[Available data]
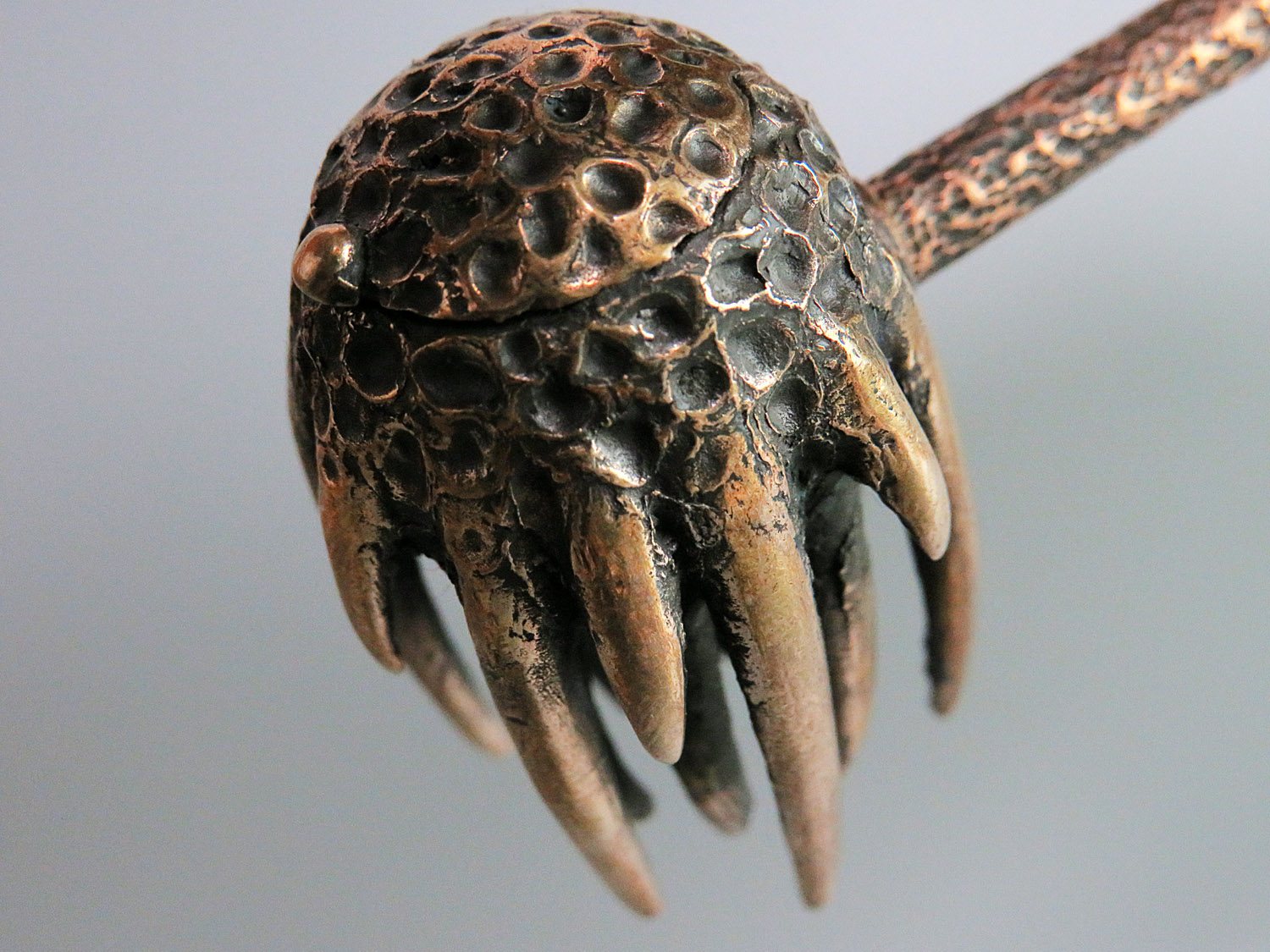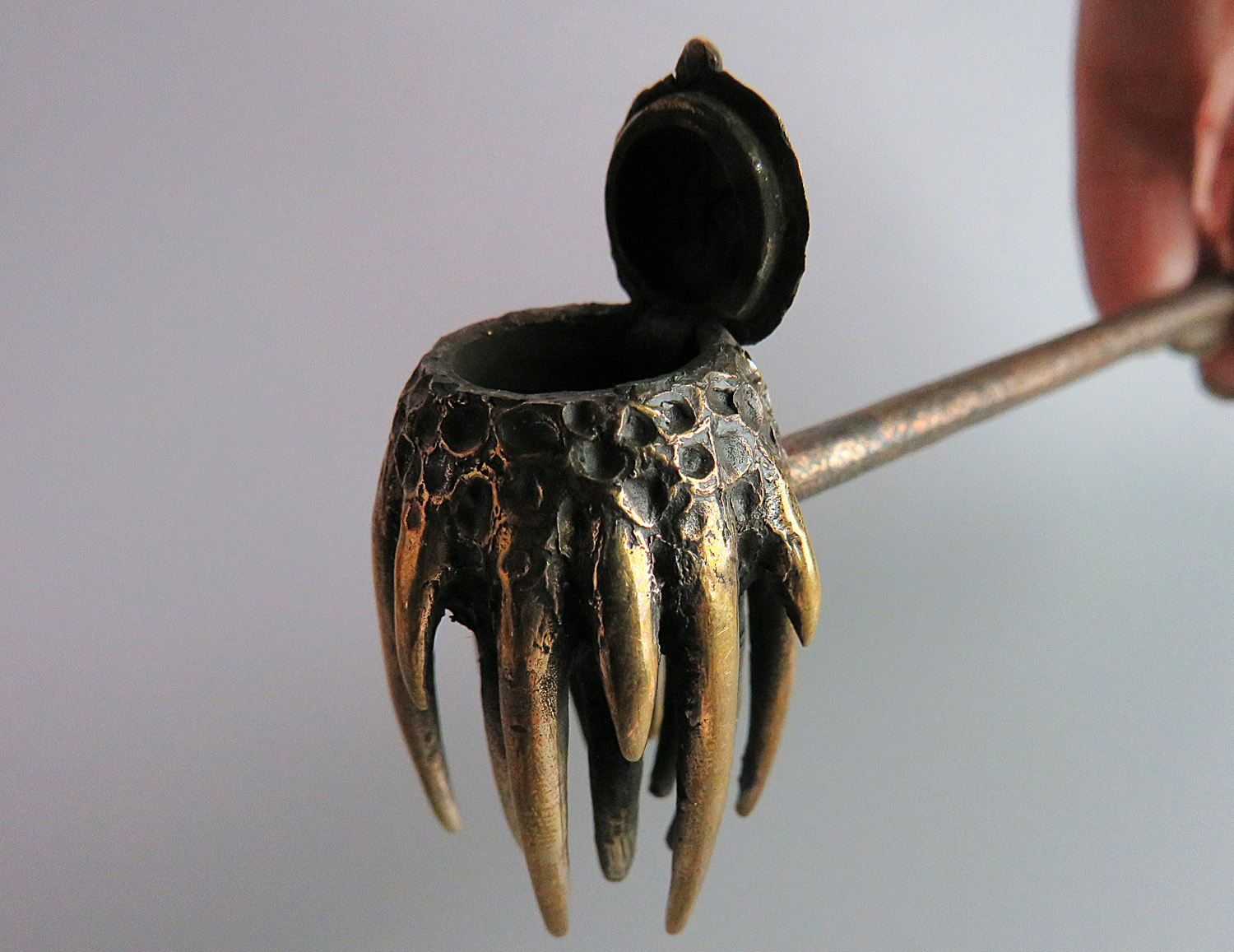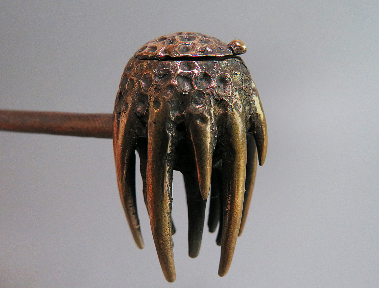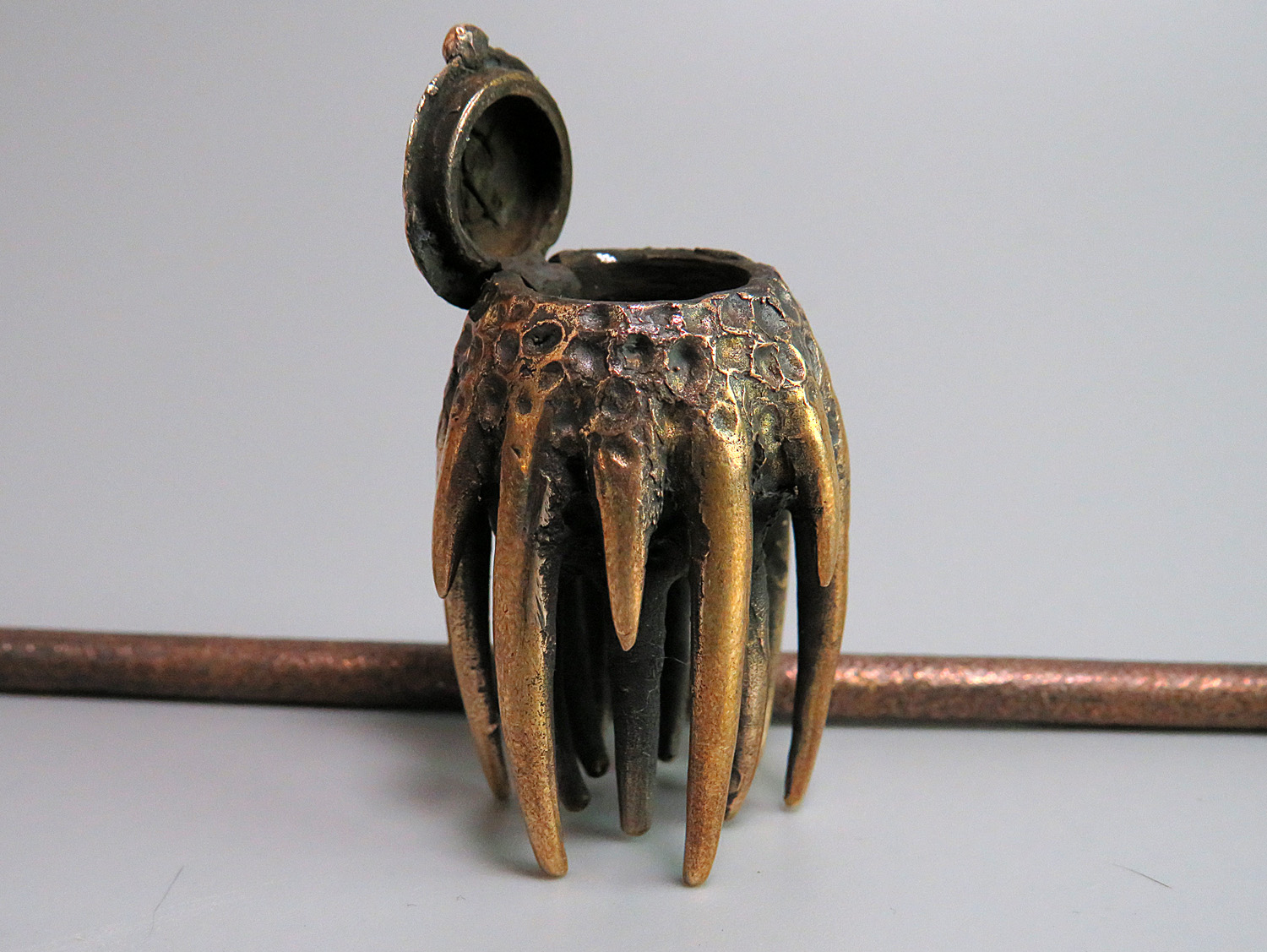 To make this item, a wax model was cut out by hand. Then, using the lost wax method, bronze parts were cast.
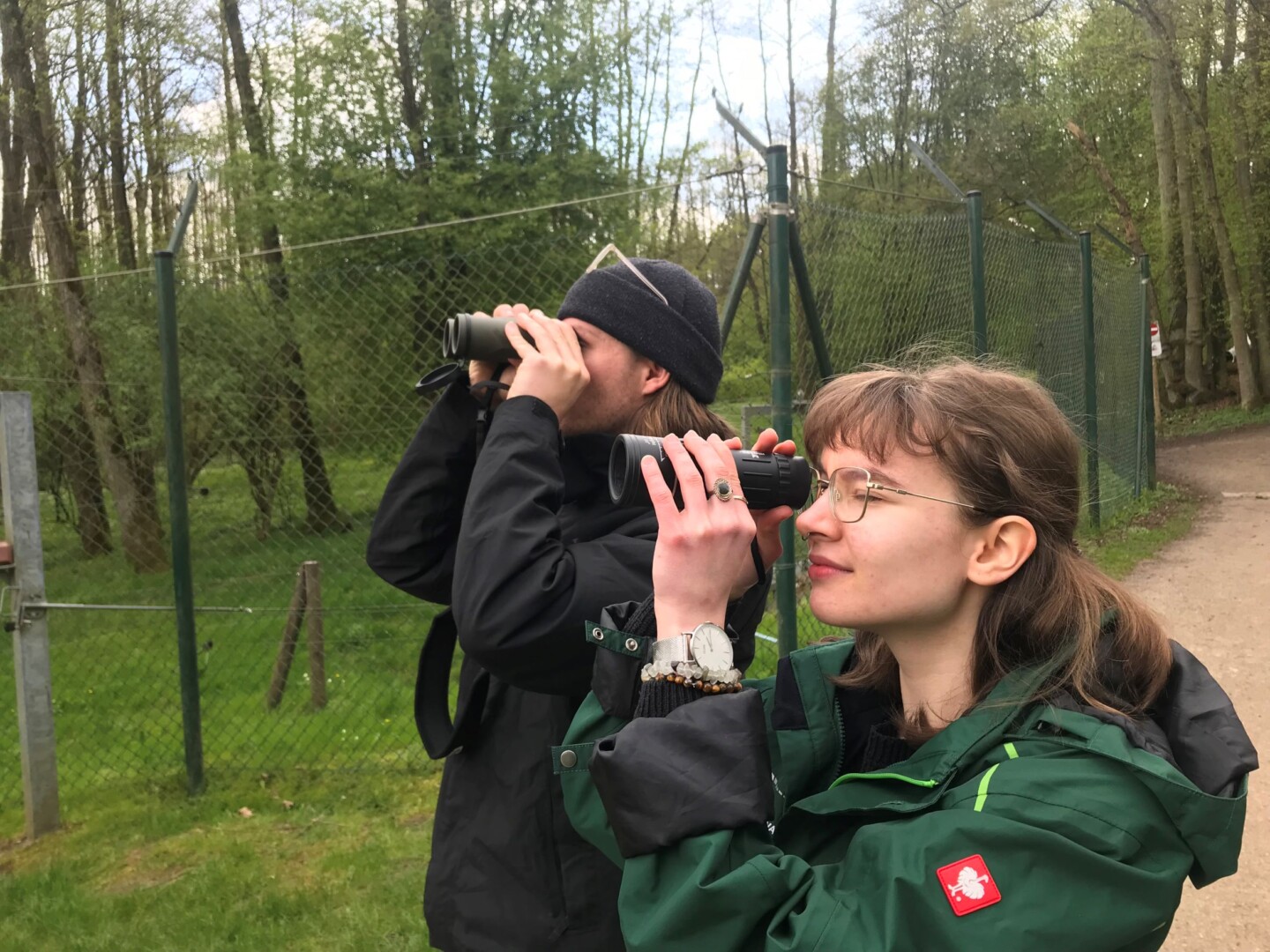 Bild unten: Die Studenten Nils Beyer und Finja Scholl (von links) haben das Bärenwald-Aktionswochenende mit viel Herzblut vorbereitet. Besucherinnen und Besucher können sich an der NaBu-„Stunde der Gartenvögel“ beteiligen. Wer möchte, kann gerne sein eigenes Fernglas mitbringen
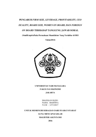 Martina, Martina (2016) PENGARUH FIRM SIZE, LEVERAGE, PROFITABILITY, CEO DUALITY, BOARD SIZE, WOMEN ON BOARD, DAN FOREIGN ON BOARD TERHADAP TANGGUNG JAWAB SOSIAL (StudiEmpirisPada Perusahaan Manufaktur Yang Terdaftar di BEI Tahun2014). Masters thesis, UNIVERSITAS TARUMANAGARA.
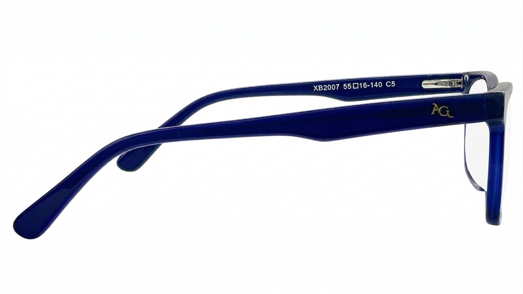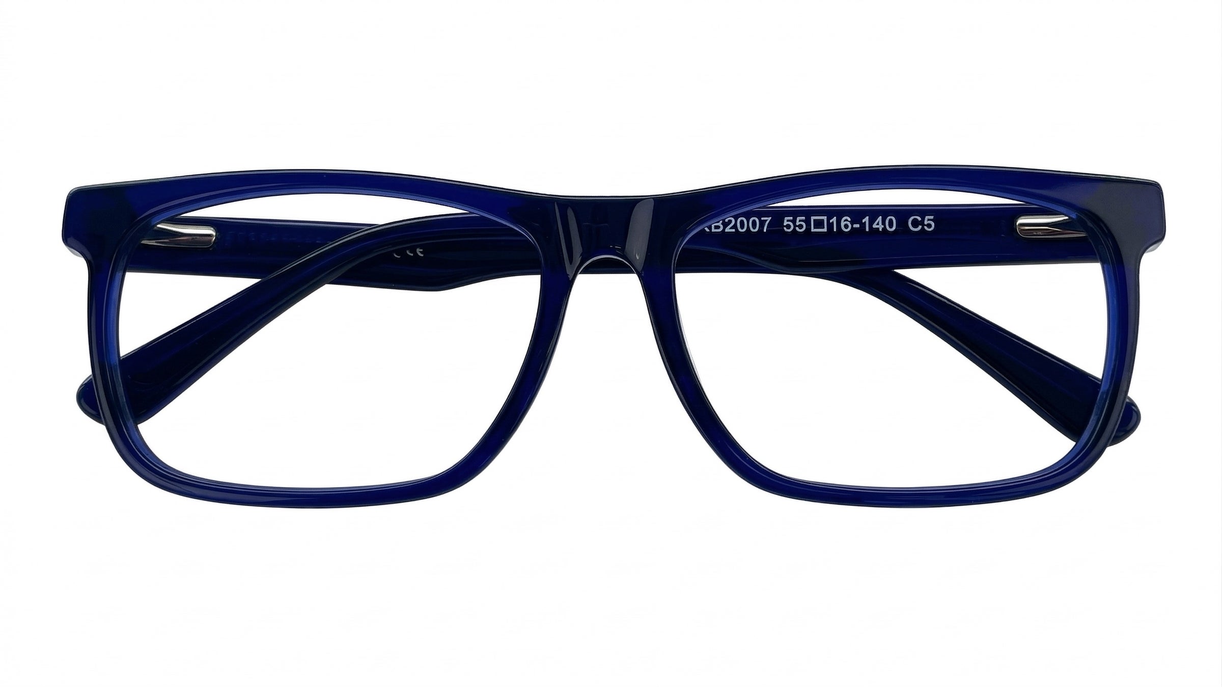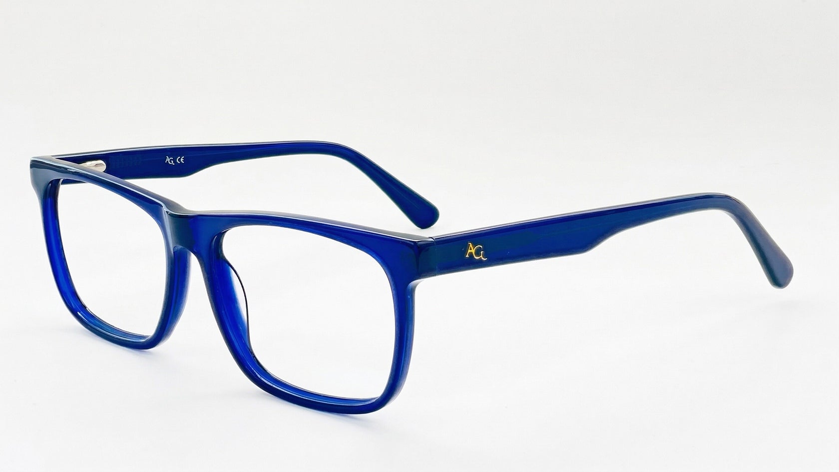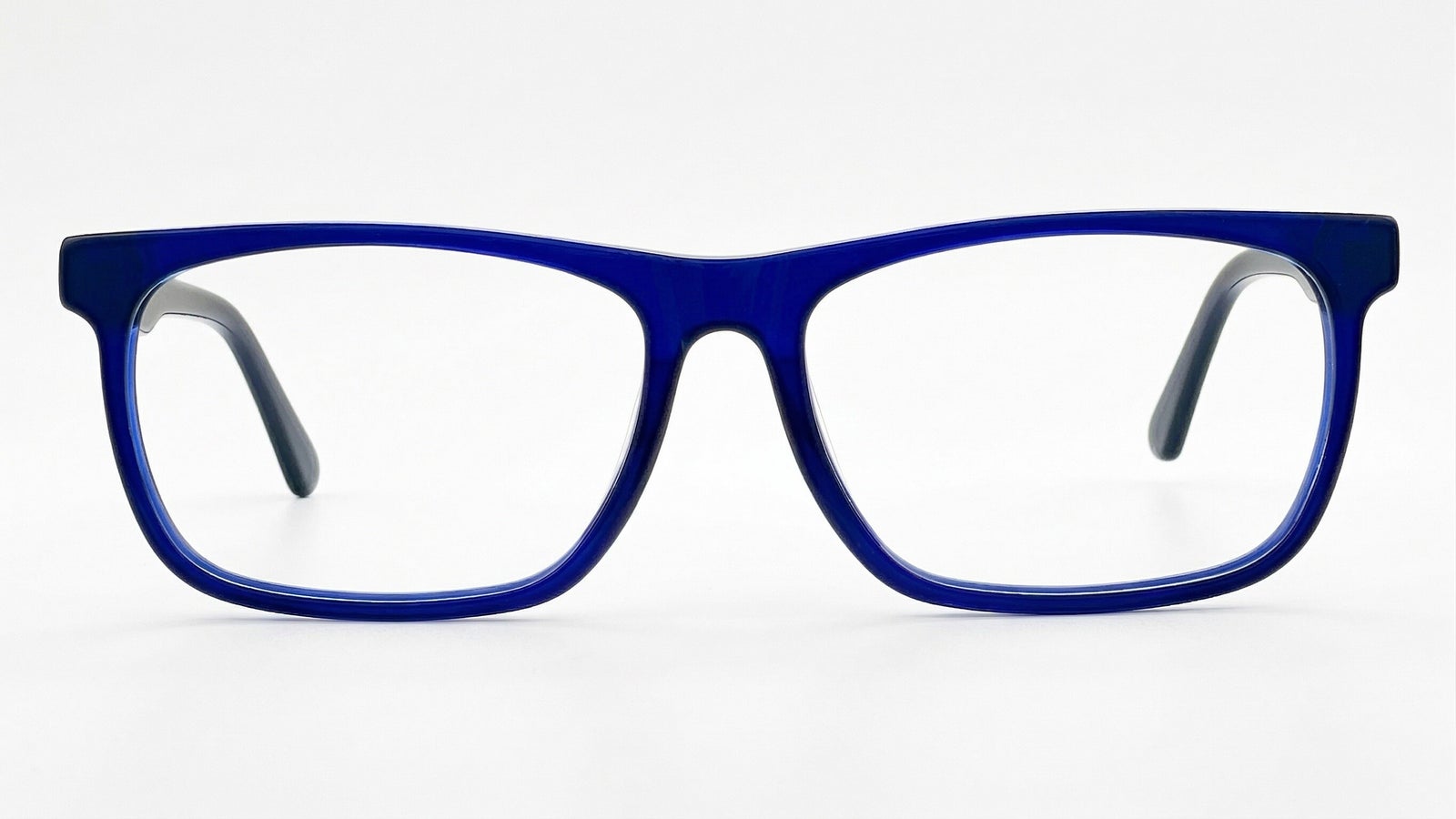 Montura masculina azul oscuro translúcido, de forma rectangular, tamaño ancho, elaborada en acetato, con puente anatómico, frente estilizado y diseño moderno, ideal para un look sobrio y versátil.
[/Available data]
§ **Task to carry out**
Copy the whole of the material above exactly, and exclude every picture.

§ **Task solution**
 To make this item, a wax model was cut out by hand. Then, using the lost wax method, bronze parts were cast.
 Bild unten: Die Studenten Nils Beyer und Finja Scholl (von links) haben das Bärenwald-Aktionswochenende mit viel Herzblut vorbereitet. Besucherinnen und Besucher können sich an der NaBu-„Stunde der Gartenvögel“ beteiligen. Wer möchte, kann gerne sein eigenes Fernglas mitbringen
 Martina, Martina (2016) PENGARUH FIRM SIZE, LEVERAGE, PROFITABILITY, CEO DUALITY, BOARD SIZE, WOMEN ON BOARD, DAN FOREIGN ON BOARD TERHADAP TANGGUNG JAWAB SOSIAL (StudiEmpirisPada Perusahaan Manufaktur Yang Terdaftar di BEI Tahun2014). Masters thesis, UNIVERSITAS TARUMANAGARA.
 Montura masculina azul oscuro translúcido, de forma rectangular, tamaño ancho, elaborada en acetato, con puente anatómico, frente estilizado y diseño moderno, ideal para un look sobrio y versátil.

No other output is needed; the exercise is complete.